● Directions for this task:
Reproduce the entire listing exactly as written, apart from its pictures.

--- Dataset section Enclosed Below ---

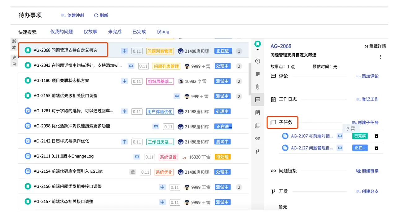 理解用户故事的大致内容后,需再将故事分解为任务。在Choerodon敏捷管理中,可以通过创建子任务的方式来分解故事,并将故事与这些拆分后的任务进行关联。只有当所有的子任务状态变成已完成时,这个故事才能拖到已完成的列中。
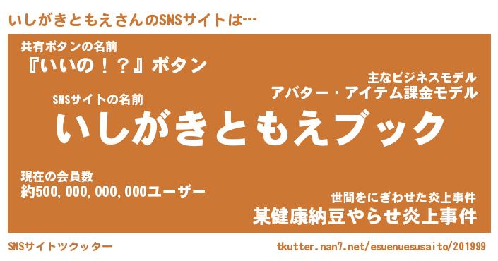 | 胡散臭い通販商品みたいなあだ名 | 『億万長者になれる霊験あらたかなお札…その名も「いしがきともえ」』 |
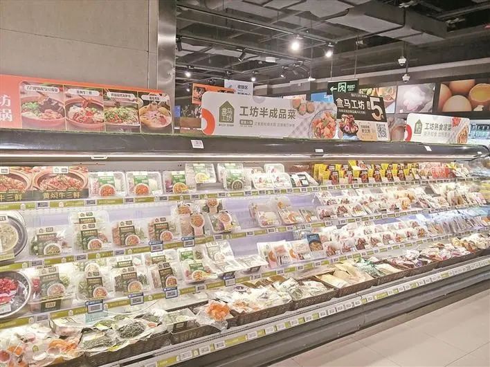 近日,實地走訪多家線下連鎖商超時看到,預制菜產(chǎn)品琳瑯滿目,不少市民前來選購。

--- End of Enclosed Dataset section ---

● Problem solution:
 理解用户故事的大致内容后,需再将故事分解为任务。在Choerodon敏捷管理中,可以通过创建子任务的方式来分解故事,并将故事与这些拆分后的任务进行关联。只有当所有的子任务状态变成已完成时,这个故事才能拖到已完成的列中。
 | 胡散臭い通販商品みたいなあだ名 | 『億万長者になれる霊験あらたかなお札…その名も「いしがきともえ」』 |
 近日,實地走訪多家線下連鎖商超時看到,預制菜產(chǎn)品琳瑯滿目,不少市民前來選購。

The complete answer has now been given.